What are the worst case scenarios that can happen when AI gets something wrong? 

It’s one thing if AI generates a false answer that a human can quickly identify as wrong and disregard. AI “hallucinations” are a much bigger problem when someone’s livelihood or freedom is affected.

This is another way to consider the risk associated when AI gets something wrong by asking who will see the error?

If someone uses an AI chat bot for their own productivity, the only person who will see the AI output is that individual unless they choose to share it with others. Presumably, that person can vet the output before sharing it.

But every time the audience for AI output increases, the chances of something going wrong increases as well. AI used internally and only seen by a company’s employees will be lower risk than a system used by customers. Likewise, an AI integration being used by the general public is higher risk than a tool used by customers.

Slapping an AI chat bot onto a product isn’t enough. It will likely aggravate your customers more than it helps them.

The more focused the use case, the more likely AI will be appreciated by users. Adding AI to a product isn’t a goal unto itself. AI has to be in service of a user’s needs. Start by looking at your biggest customer pain points and see if AI can help.

We need to explain how we’re using AI to our users and give them the option to opt out of AI if possible. Ideally, AI would be an additional feature of our products, not a requirement.

AI output, particularly the code generated by AI, is often not accessible. Hidde de Vries explains the challenge:

[An AI] systems’ success rate can be (and is usually) increased by training models specifically with very good examples…For accessibility, this data is hard to get by—most of the web has accessibility problems.

AI isn’t an excuse to ignore accessibility. AI features should be accessible to everyone.

When we incorporate AI into our products, we must ensure we don’t leak a user’s private data inadvertently. We talked earlier about the need to understand how AI models use the data that users provide them, but we also need to evaluate our AI features with an eye on privacy.

We can’t be certain that AI generated output won’t contain sensitive information that the user has provided, so we shouldn’t publish that output without giving users with a chance to review it.

Not every job can be protected. But when we look at our work, we should consider the greater societal impact. Helping people live fuller lives and do their work more efficiently is something to strive for. Helping a massive company squeeze more out of their employees isn’t.

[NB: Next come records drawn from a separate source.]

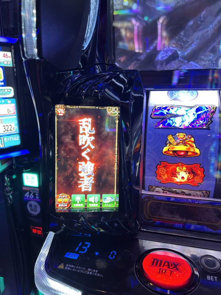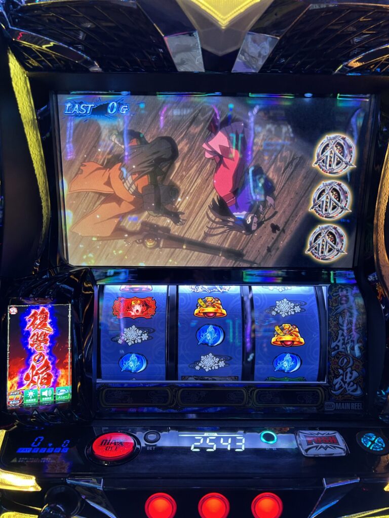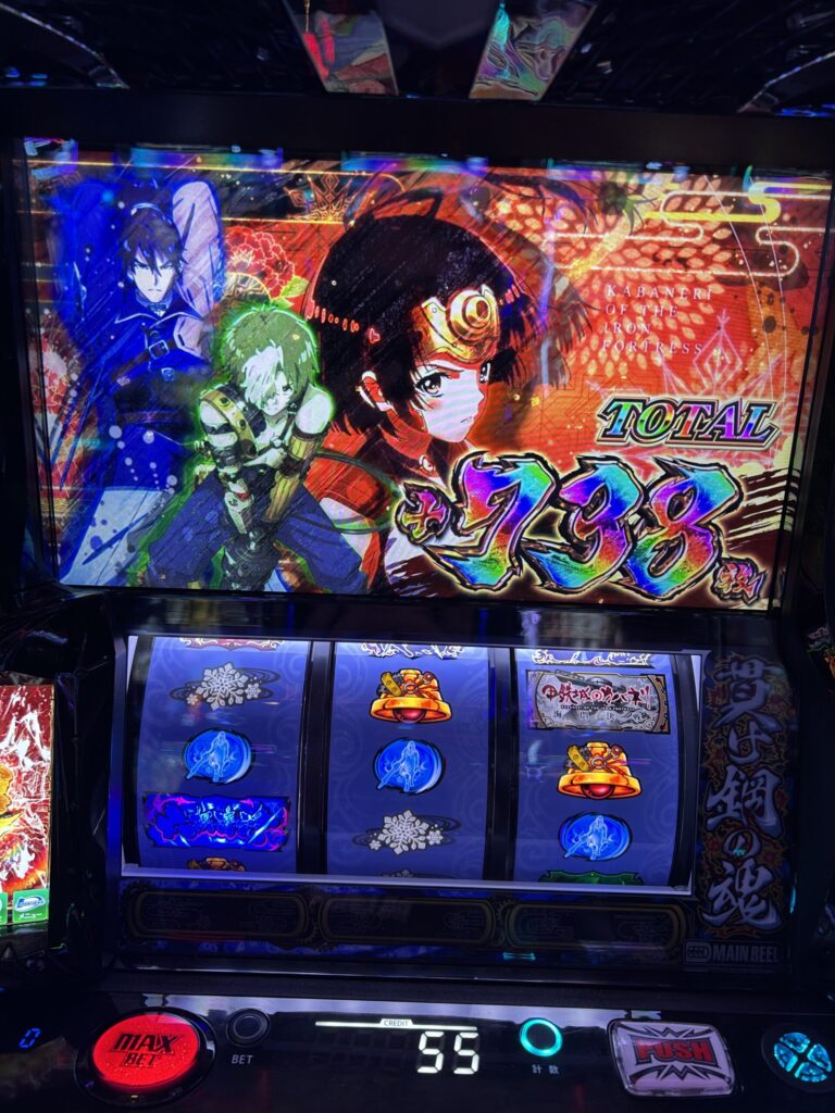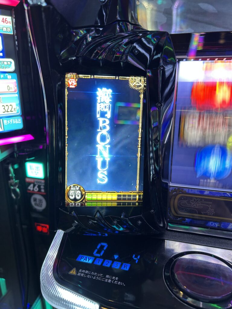 この日は導入間もない「甲鉄城のカバネリ 海門決戦」を狙い台にしていったのですが、抽選番号次第と思っていましたら、抽選番号がかなり良番で前から6人目くらい。設置台数より早い番号なんで台が取れるのは確定。後は、設定判別要素がこの時点ではあまり出ていないので、一応下段ベルは数えながら、展開次第では撤退も視野に入れつつ打ってきます。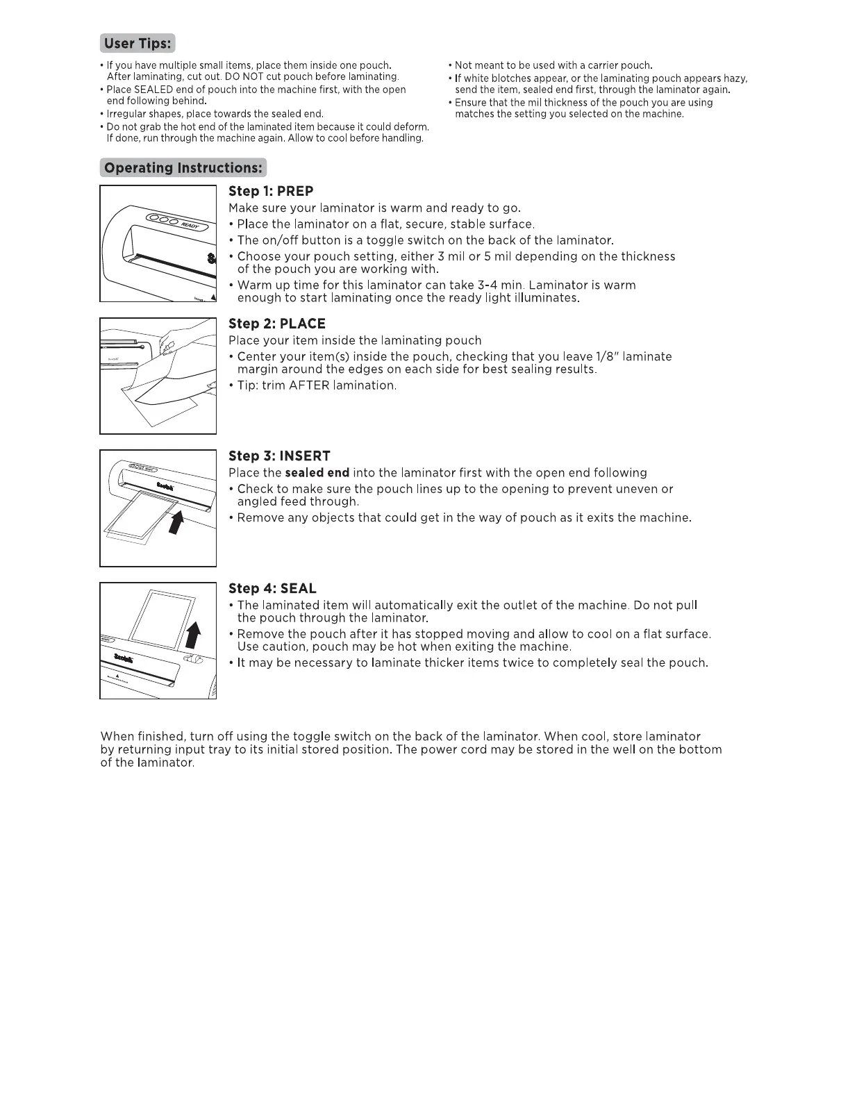 When finished, turn off using the toggle switch on the back of the laminator. When cool, store laminator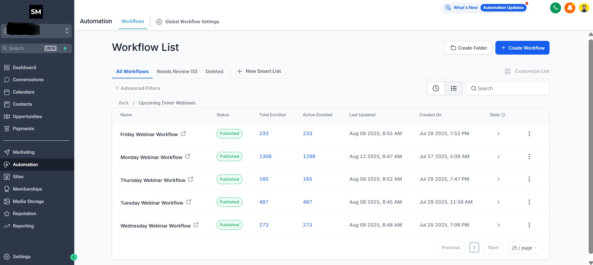 Using GoHighLevel, we automate follow-ups, reminders, and pipelines so every lead is nurtured and guided toward booking automatically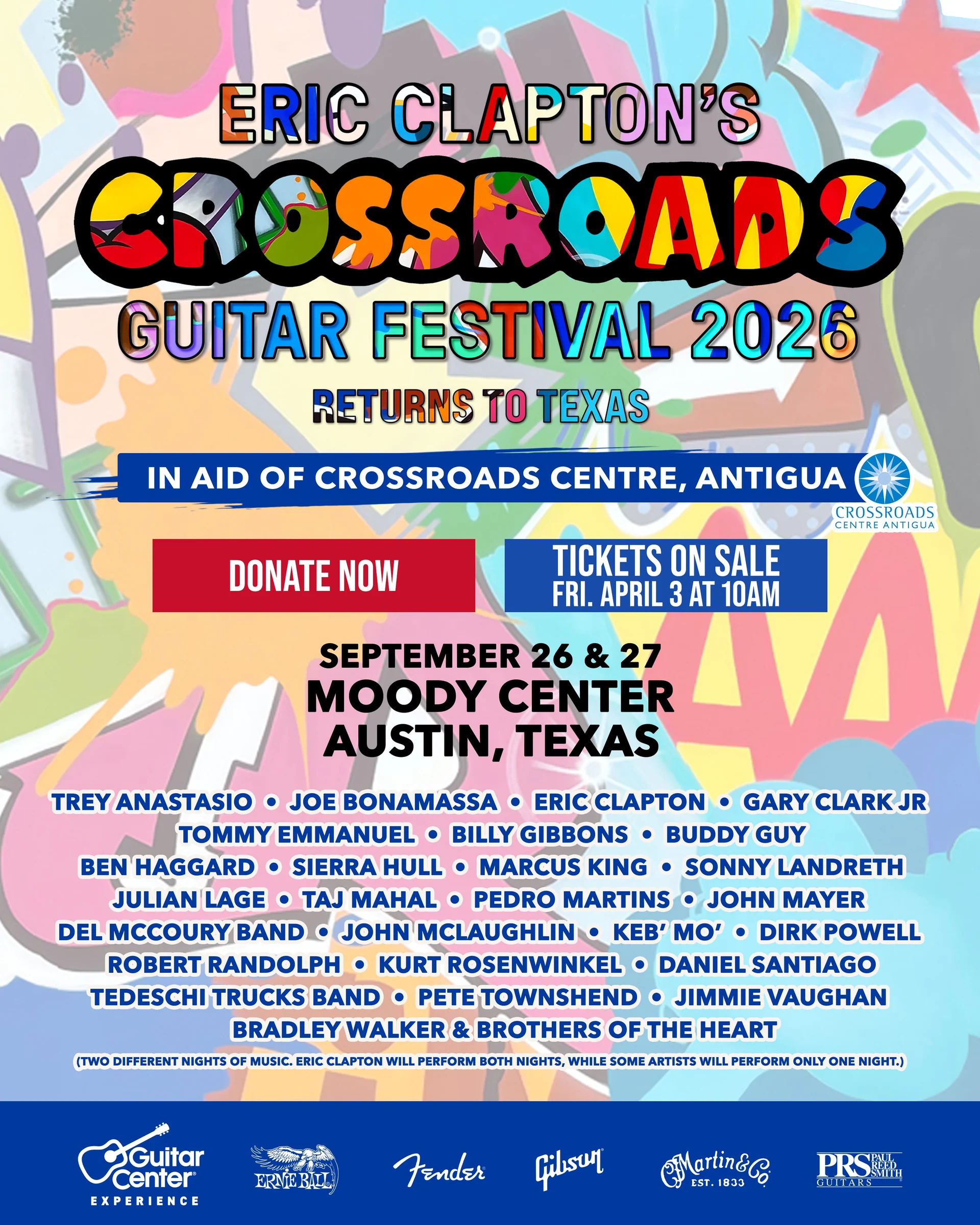 Desde 1999, Eric Clapton mantém o festival Crossroads Guitar Festival. Após a edição mais recente em 2023, o evento voltará a acontecer nos dias 26 e 27 de setembro, no Moody Center, em Austin, Texas, nos Estados Unidos.

It feels foolhardy to describe an ethical framework for a field that is evolving so quickly. The way we think about and interact with AI will inevitably change.

But no matter how AI changes, some version of the questions we ask here will remain relevant. We’re trying to understand how to utilize AI in a way that benefits our users and customers the most while reducing the risk of harm. Asking questions like these is the first step.